We evaluated periventricular white matter (PVWM) cerebral blood flow (CBF) as a mechanistically specific biomarker for small vessel ischemia and demonstrated the feasibility of its measurement using state-of-the-art arterial spin labeling. We constructed the PVWM region of interest and demonstrated that mean CBF in PVWM had higher correlation with lesion volumes than global, grey matter, or white matter CBF, even after correction for global CBF, age, and sex. PVWM CBF also showed higher correlation with Trail A and B processing speed than CBF in other regions, or lesion volumes.
A highly sensitive group-averaged CBF map (figure 1(a)) was derived from 436 healthy middle-aged subjects (age=50.4±3.5 years, 54% female) enrolled in the NHLBI CARDIA study4. The CBF map was derived from 2D pseudo-continuous ASL (PCASL) data (labeling=1.48s, post-labeling-delay (PLD)=1.5s, voxel=3.4x3.4x5mm3) and processed with advanced signal processing strategies.5,6 Subsequently, the PVWM region of interest (ROI) for ischemic risk was constructed by thresholding the group-averaged CBF map to CBF<15 ml/100g/min (figure 1(b)), a threshold shown to predict future occurrence of lesions with certainty7. This region shows the lowest CBF in the brain and is most vulnerable to develop lesions in older age.
State-of-the-art ASL MRI8 (acquired with unbalanced PCASL and 90% background-suppressed 4-shot 1D-accelerated 3D spiral imaging, resolution=2.5 mm3 isotropic, labeling=1.8s, PLD=1.8s, TR=4.25s, TEeff=9.78ms) (representative images in Figure 2) and Fluid Attenuated Inversion Recovery (FLAIR) MRI (TR/TE = 6000/382ms, resolution=0.8 mm3 isotropic, rate=2 GRAPPA acceleration) were obtained from 59 elderly, cognitively normal and amyloid negative subjects (age=73.3±6.9, 63% female) recruited from the Penn Alzheimer’s Disease Center clinical core. Automated lesion segmentation from FLAIR data was obtained using lesion segmentation toolbox9 to derive PVWM, DWM and total lesion volume measurements. Mean CBF in 1) global, 2) grey matter (GM), 3) white matter (WM) and 4) PVWM ROI (constructed as detailed above) were correlated with the lesion volumes after normalizing by total WM volume.

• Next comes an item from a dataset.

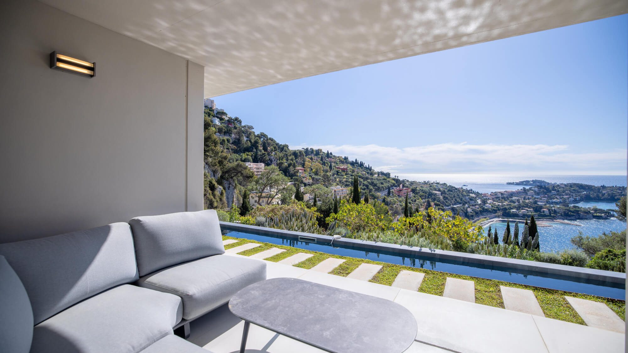 La villa Vista Magnifika 01 surplombe la baie de Villefranche-sur-Mer et la presqu’île de Saint-Jean-Cap-Ferrat. Elle dispose de 12 pièces réparties sur 3 niveaux, ascenseur, terrasses panoramiques, piscine sur le toit et équipements domotiques. Son salon au rez-de-chaussée, bordé de baies vitrées, offre une scène naturelle face à la mer. Avec cuisine équipée et espace traiteur prévu, elle permet d’accueillir techniciens, mannequins et invités dans un confort absolu.

The ROI CBFs and the lesion volumes were also correlated with neuropsychological Trail Making Test A and B time performances, which are thought to be sensitive to degeneration in WM pathways.

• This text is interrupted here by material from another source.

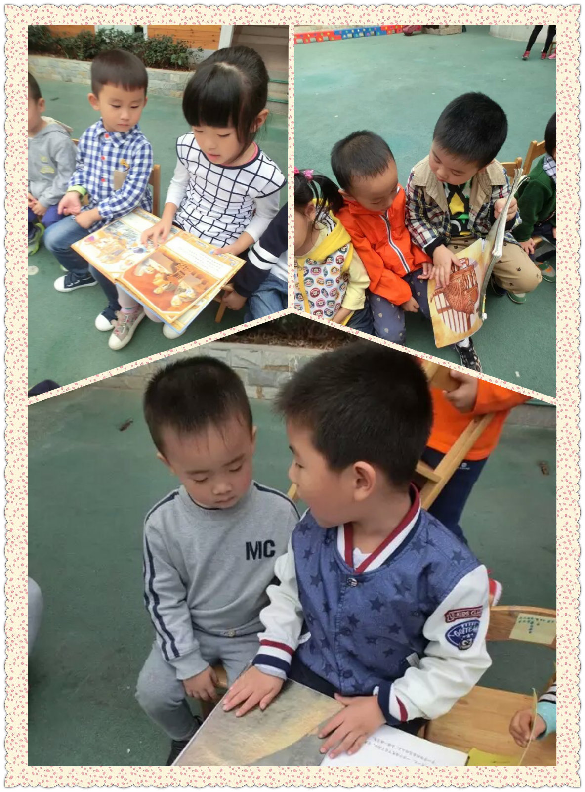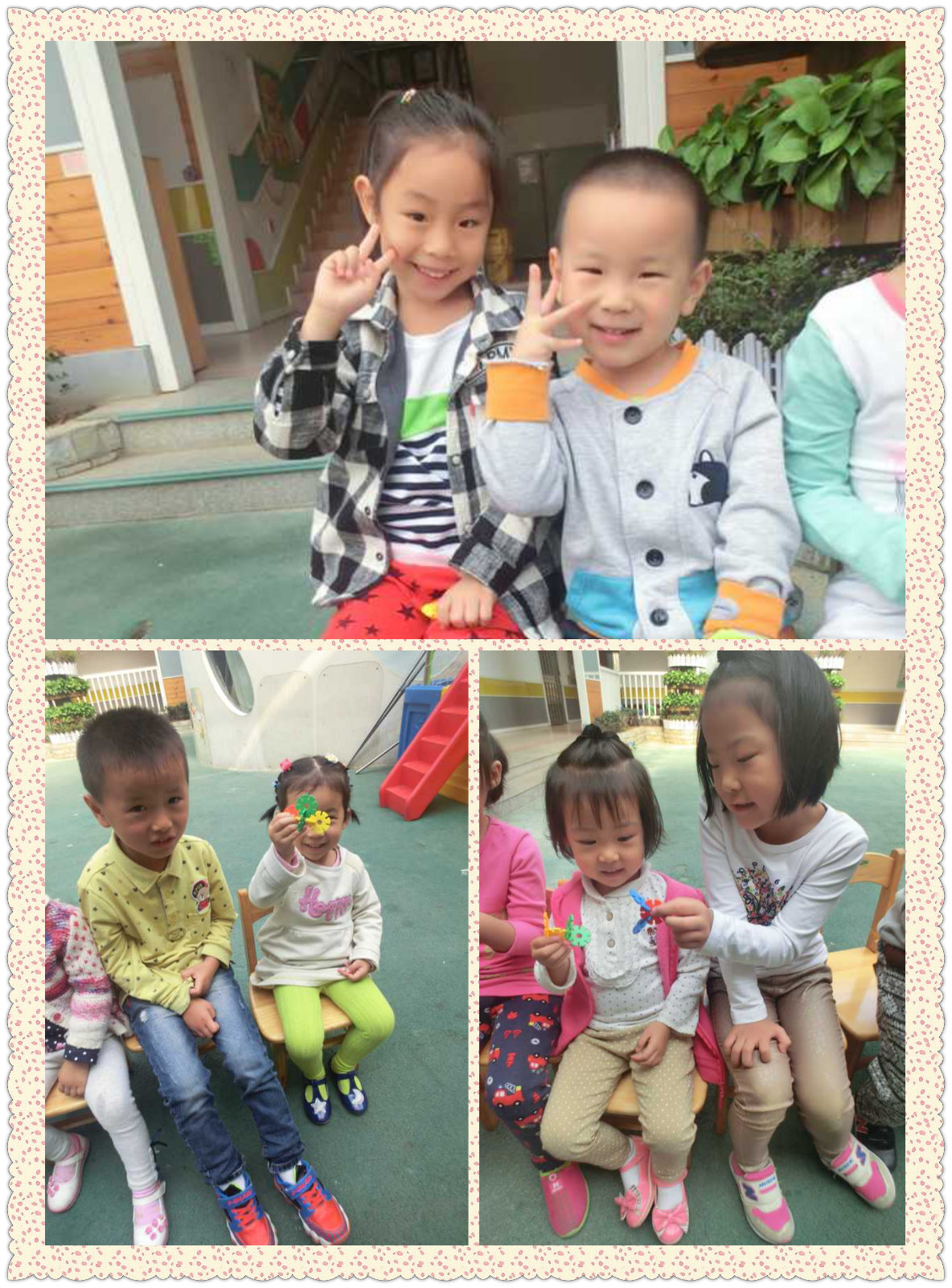 最近我们在幼儿园认识了特别的朋友——大一班的大哥哥姐姐们。中午我们会快快吃完饭等待他们的到来,他们会坐在我们旁边陪我们玩积木、给我们讲故事,最重要的是,他们会告诉我们哪些事情可以做,哪些事情是不可以做的。比如:不能在楼梯上跳来跳去、收玩具的时候怎样拆雪花片、爬小山坡的时候要看好路不能跳来跳去,睡觉之前要先去上厕所等等。

Figure 3 shows correlations between the various ROI CBFs and lesion volumes. GM CBF correlated with PVWM and total lesion volume (although not with DWM lesion volume) whereas global CBF showed a trend. No significant correlation was observed for WM CBF. PVWM-CBF showed the strongest correlations with PVWM, DWM and total lesion volumes, maintained even after normalized by global CBF. PVWM-CBF outside of lesions also correlated or trended with lesion volumes, which demonstrates that PVWM-CBF values are not driven by lesions only. In each case, the correlation weakened after adjusting for age and sex.
Figure 4 shows correlations of time taken for completion of trail A and B tests with CBF measures and lesion volumes at different ROIs. Although the correlations did not reach statistical significance, PVWM CBF showed a higher degree of correlation, and p values tending towards significance.